Stored items:

· · · · ·

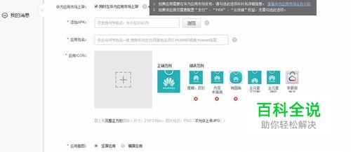 华为应用市场上架:上传添加APK;填写应用包名(可以向开发人员索要);准备好应用ICON,上传相关图片;应用截图备好上传,注册截图的尺寸,至少上传3张。
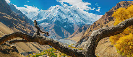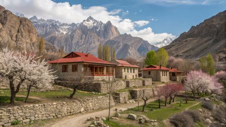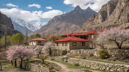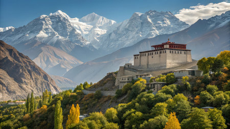 Experience the breathtaking autumn landscape of Skardu, Pakistan, showcasing vibrant colors, majestic mountains, and a serene village nestled in nature's beauty.
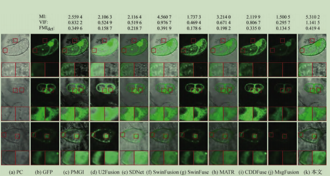 本文方法与其他8种方法在PC和GFP图像上的比较:
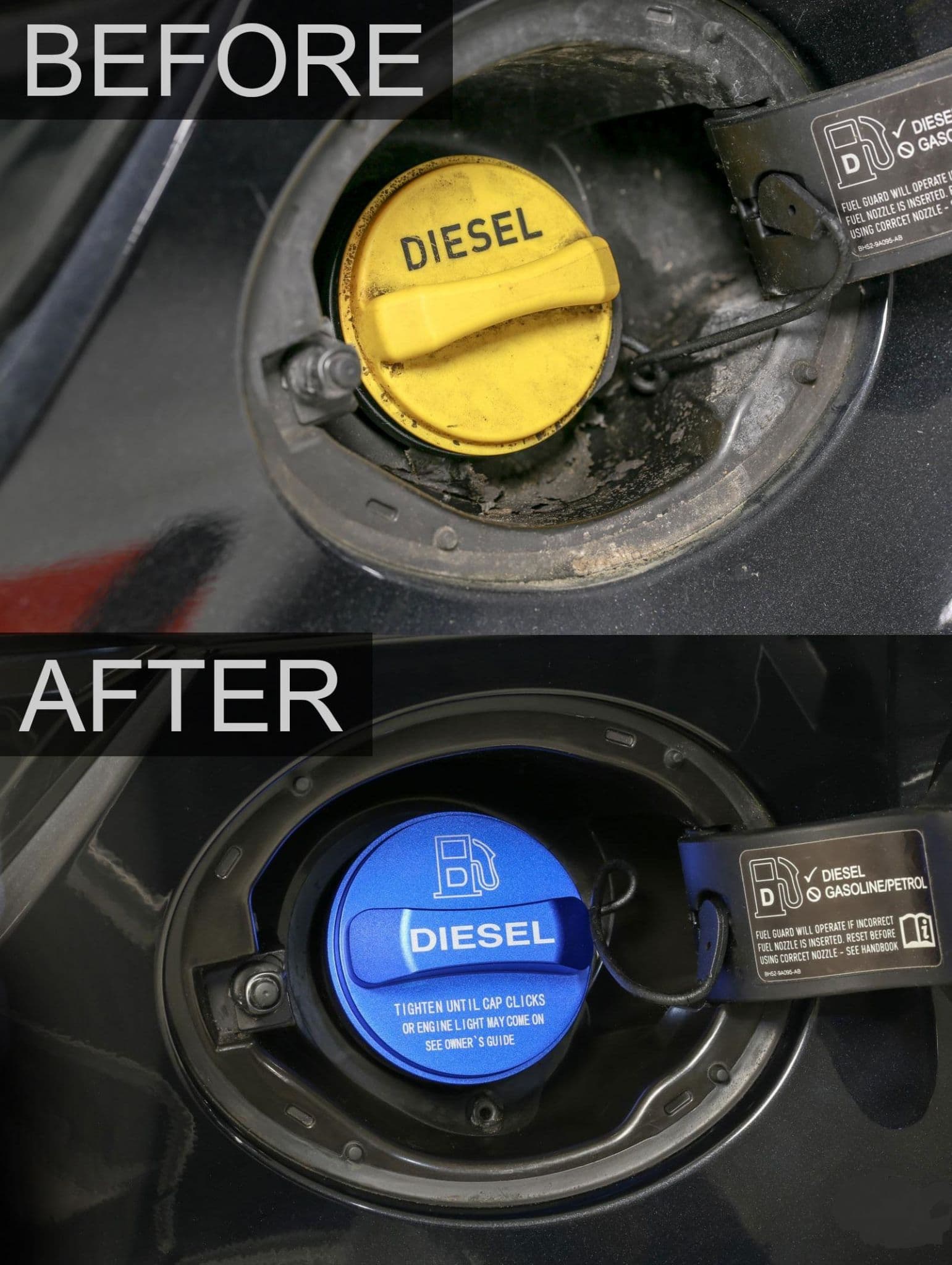 Fabriqué à partir d'aluminium billette, il s'agit d'un couvercle à installer sur le bouchon de remplissage de carburant en plastique. Ajoutez cette touche finale à votre Jaguar en installant l'un de ces bouchons de remplissage de carburant en alliage. Avec le mot Diesel clairement gravé dans la finition anodisée bleue, vous vous assurerez de mettre le bon carburant dans votre voiture. Nous les avons également disponibles dans une finition anodisée rouge - voir nos autres articles. Ceux-ci s'adaptent au bouchon de réservoir existant à l'aide du ruban adhésif double face pré-installé - nous avons également inclus de l'adhésif silicone pour ajouter une forme supplémentaire de fixation sécurisée.
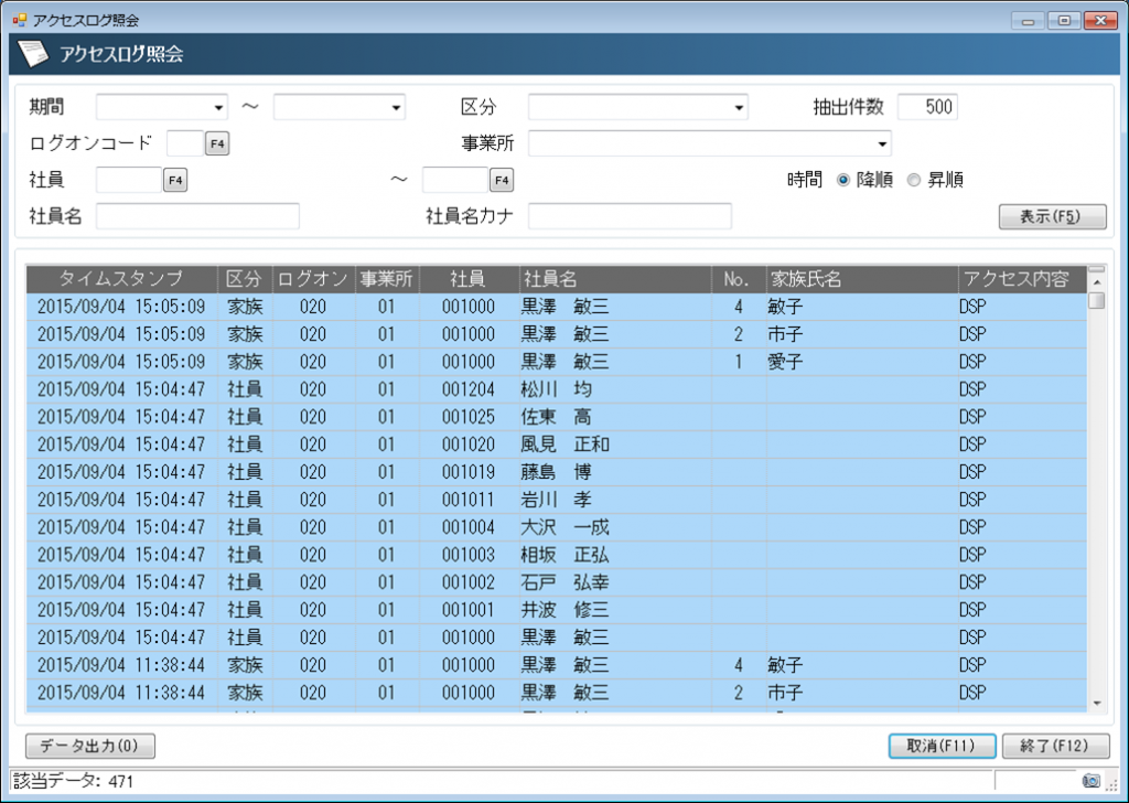 操作したことが記録として残るので、以前に誰が何を操作したか、誰の内容を照会したかが一目で分かります。
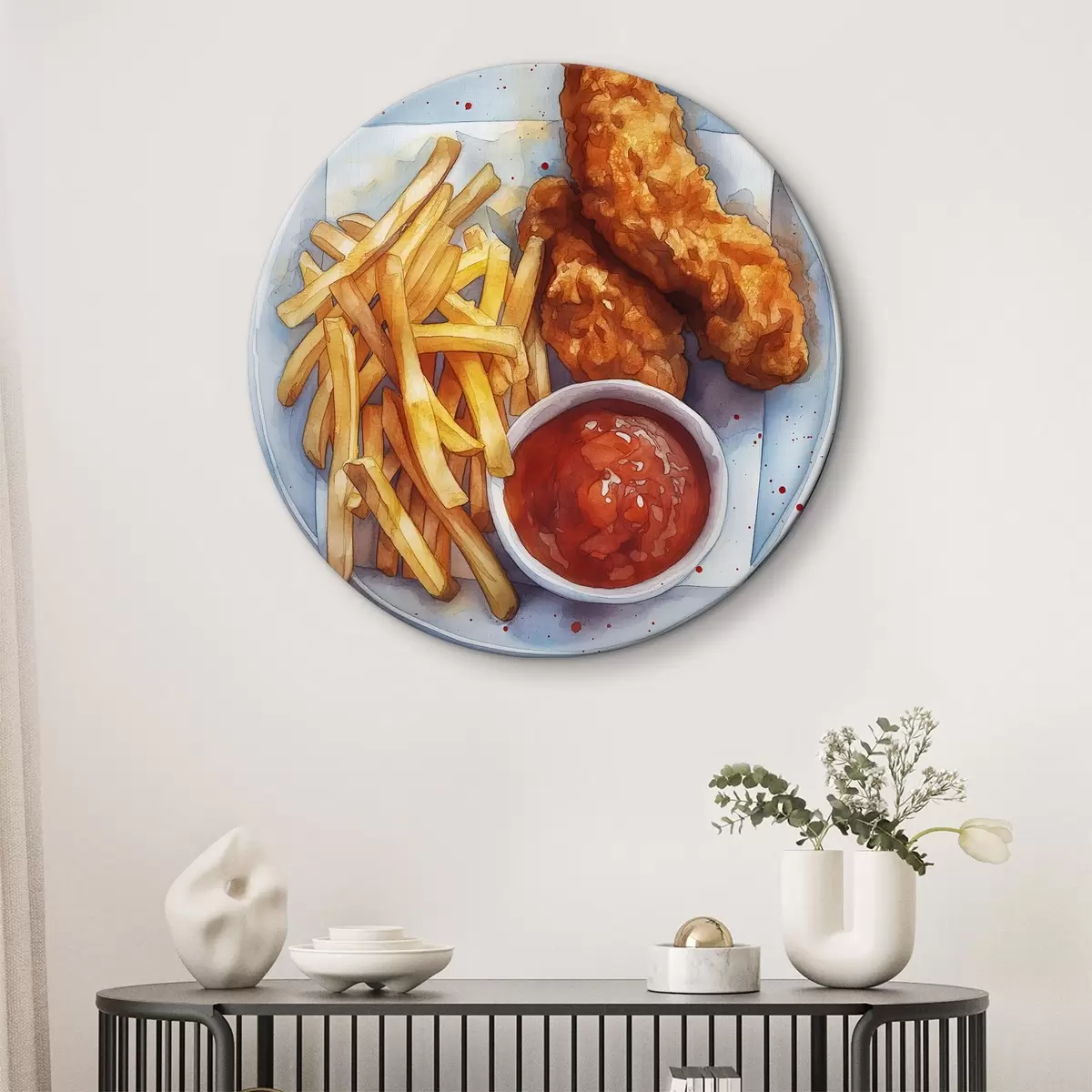 Runde Wandbilder Aquarell Street Food, Pommes Frites mit gebratenem Huhn, lecker Nr r39709
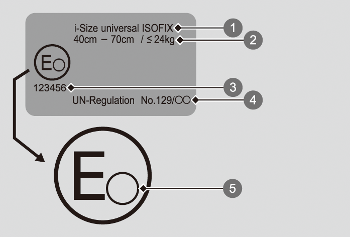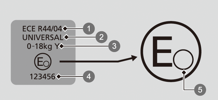 UN基準の認可を受けたシートベルト固定タイプチャイルドシートまたはISOFIX/i-Sizeチャイルドシートには、認可マークが表示されています。チャイルドシートについている認可マークを確認してください。
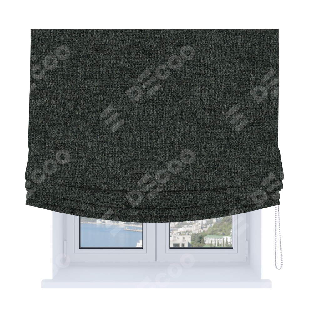 Римская штора Soft производителя «Cortin», используется для проёма, пошита из ткани рогожка димаут графит, артикул ткани 102−34. Имеет универсальный механизм и подходит для монтажа: на потолок, на стену и в нишу. В отличие от стандартных римских штор, римская штора Soft не имеет горизонтальных вставок и нижнего отвеса. Это позволяет ткани произвольно драпироваться в свободные мягкие складки.

· · · · ·

Leave out the pictures; repeat the data exactly.

● **Task response**
 华为应用市场上架:上传添加APK;填写应用包名(可以向开发人员索要);准备好应用ICON,上传相关图片;应用截图备好上传,注册截图的尺寸,至少上传3张。
 Experience the breathtaking autumn landscape of Skardu, Pakistan, showcasing vibrant colors, majestic mountains, and a serene village nestled in nature's beauty.
 本文方法与其他8种方法在PC和GFP图像上的比较:
 Fabriqué à partir d'aluminium billette, il s'agit d'un couvercle à installer sur le bouchon de remplissage de carburant en plastique. Ajoutez cette touche finale à votre Jaguar en installant l'un de ces bouchons de remplissage de carburant en alliage. Avec le mot Diesel clairement gravé dans la finition anodisée bleue, vous vous assurerez de mettre le bon carburant dans votre voiture. Nous les avons également disponibles dans une finition anodisée rouge - voir nos autres articles. Ceux-ci s'adaptent au bouchon de réservoir existant à l'aide du ruban adhésif double face pré-installé - nous avons également inclus de l'adhésif silicone pour ajouter une forme supplémentaire de fixation sécurisée.
 操作したことが記録として残るので、以前に誰が何を操作したか、誰の内容を照会したかが一目で分かります。
 Runde Wandbilder Aquarell Street Food, Pommes Frites mit gebratenem Huhn, lecker Nr r39709
 UN基準の認可を受けたシートベルト固定タイプチャイルドシートまたはISOFIX/i-Sizeチャイルドシートには、認可マークが表示されています。チャイルドシートについている認可マークを確認してください。
 Римская штора Soft производителя «Cortin», используется для проёма, пошита из ткани рогожка димаут графит, артикул ткани 102−34. Имеет универсальный механизм и подходит для монтажа: на потолок, на стену и в нишу. В отличие от стандартных римских штор, римская штора Soft не имеет горизонтальных вставок и нижнего отвеса. Это позволяет ткани произвольно драпироваться в свободные мягкие складки.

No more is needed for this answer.